Given material =>
[Start of section]

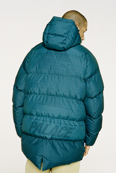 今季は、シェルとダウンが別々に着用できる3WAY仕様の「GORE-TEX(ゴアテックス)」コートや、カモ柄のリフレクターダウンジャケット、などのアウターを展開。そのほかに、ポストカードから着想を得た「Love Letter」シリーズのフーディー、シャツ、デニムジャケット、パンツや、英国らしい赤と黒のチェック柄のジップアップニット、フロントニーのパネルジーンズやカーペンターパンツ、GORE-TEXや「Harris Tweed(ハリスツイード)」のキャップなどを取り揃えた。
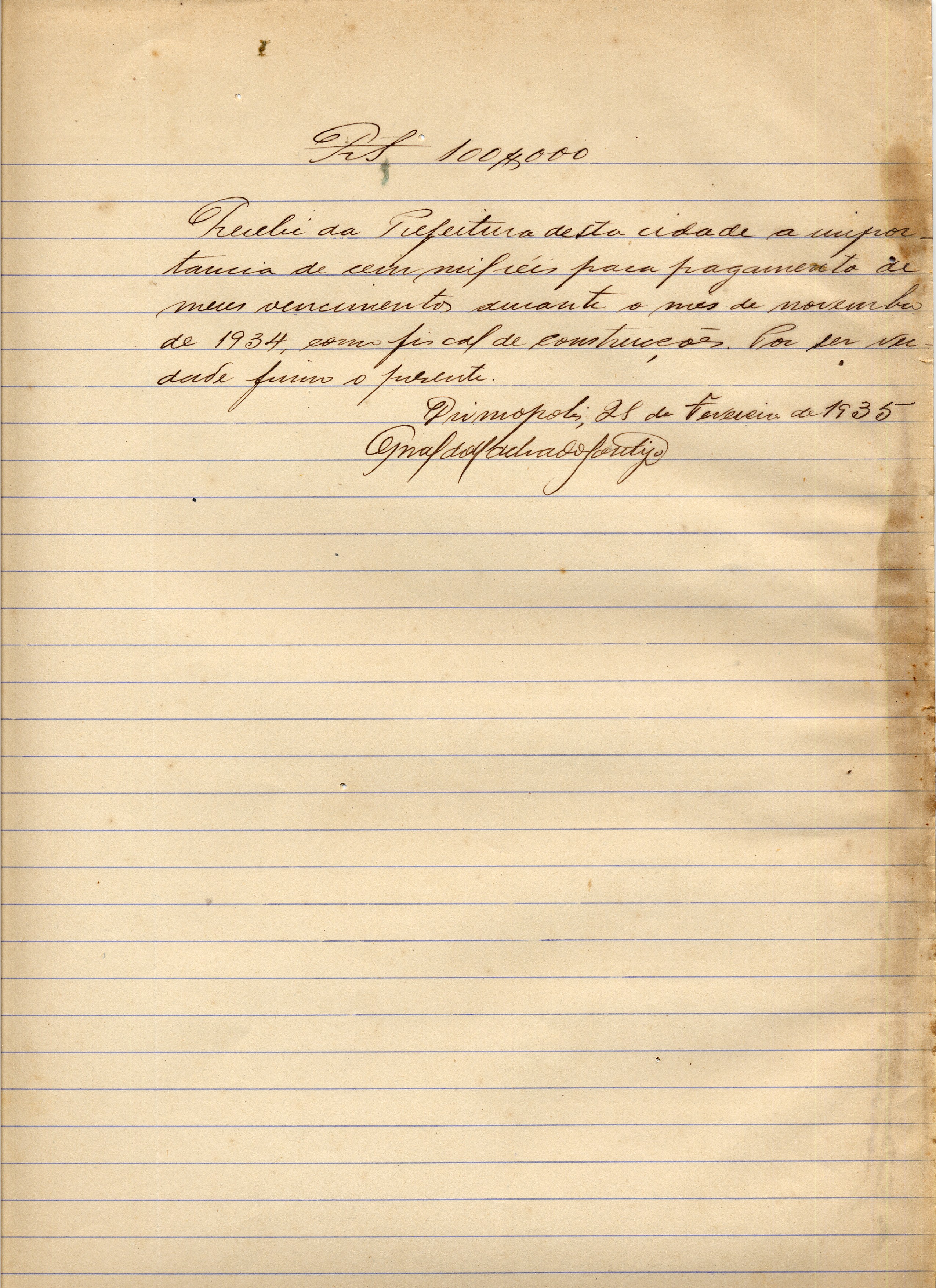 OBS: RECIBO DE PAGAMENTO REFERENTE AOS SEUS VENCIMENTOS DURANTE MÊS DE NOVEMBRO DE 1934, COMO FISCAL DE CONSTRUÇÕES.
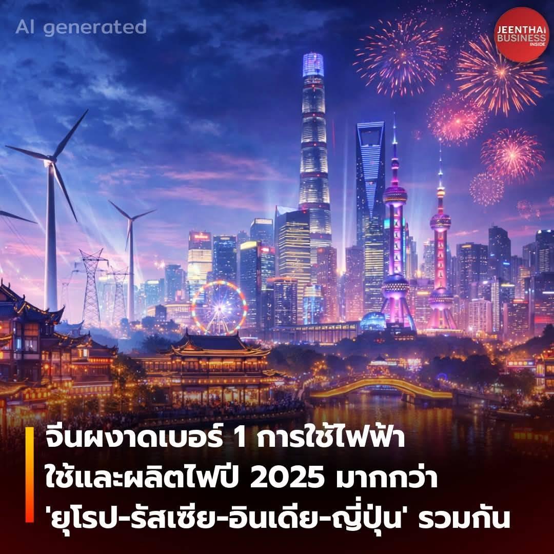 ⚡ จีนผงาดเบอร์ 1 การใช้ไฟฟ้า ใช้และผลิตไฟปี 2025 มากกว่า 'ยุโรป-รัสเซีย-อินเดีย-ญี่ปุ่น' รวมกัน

[End of section]

Instructions for the task => Could you give all of the data again exactly as written, omitting any pictures?

Task answer =>
 今季は、シェルとダウンが別々に着用できる3WAY仕様の「GORE-TEX(ゴアテックス)」コートや、カモ柄のリフレクターダウンジャケット、などのアウターを展開。そのほかに、ポストカードから着想を得た「Love Letter」シリーズのフーディー、シャツ、デニムジャケット、パンツや、英国らしい赤と黒のチェック柄のジップアップニット、フロントニーのパネルジーンズやカーペンターパンツ、GORE-TEXや「Harris Tweed(ハリスツイード)」のキャップなどを取り揃えた。
 OBS: RECIBO DE PAGAMENTO REFERENTE AOS SEUS VENCIMENTOS DURANTE MÊS DE NOVEMBRO DE 1934, COMO FISCAL DE CONSTRUÇÕES.
 ⚡ จีนผงาดเบอร์ 1 การใช้ไฟฟ้า ใช้และผลิตไฟปี 2025 มากกว่า 'ยุโรป-รัสเซีย-อินเดีย-ญี่ปุ่น' รวมกัน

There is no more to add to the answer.